このあとどうなるか。第2章について少しだけ触れておくと、施設で生き別れの妹と再会した航の回想、身元不明の焼死体を調べる刑事柳内と、その娘結衣子を襲った悲劇など――誘拐計画のその後の後始末を中心に、その前とその後を描いていくのだ。人物造形が秀逸なので、つい読まされてしまうが、謎が謎を呼んで、いったい真実は何なんだというところで、第2章の幕は閉じる。分量的にはこの第2章がいちばん長く、たっぷりと読みごたえがあるが、肝心のところは明らかになっていない。
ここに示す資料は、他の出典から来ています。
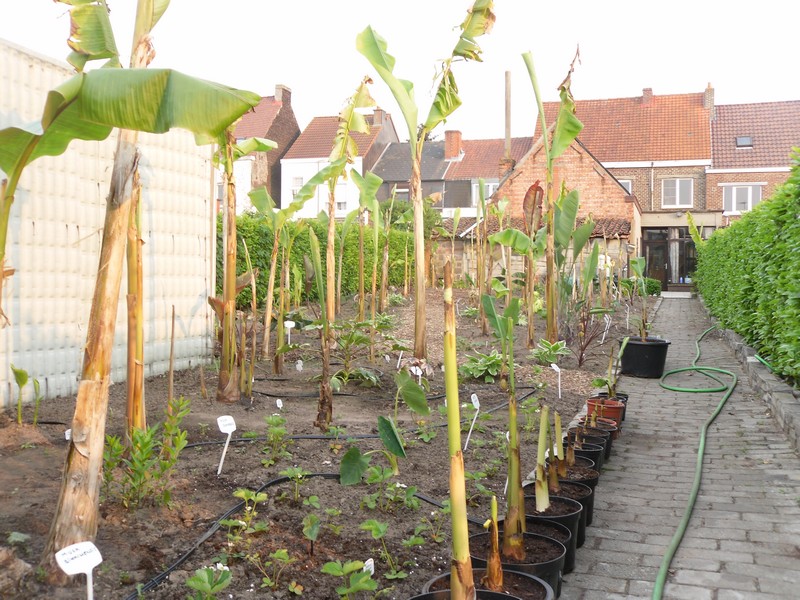 Dat ze nu maar goed de grond inwortelen! De tropische soorten groeien ook wel mee, maar alles staat bijna in de volle grond, andere heb ik dan dubbel ook in pot om het verschil goed te zien.

最後の第3章は50ページと短く、ここですべてが明らかになるので、ここはいくらなんでも紹介できない。前作「雪と心臓」も構成に凝った小説だったが、今回も水面下に隠された真実が明らかになる第3章が圧巻。異色のミステリーだが、なによりも読後感がいい。切なく悲しい青春小説でもあるのだ。 (集英社 1870円)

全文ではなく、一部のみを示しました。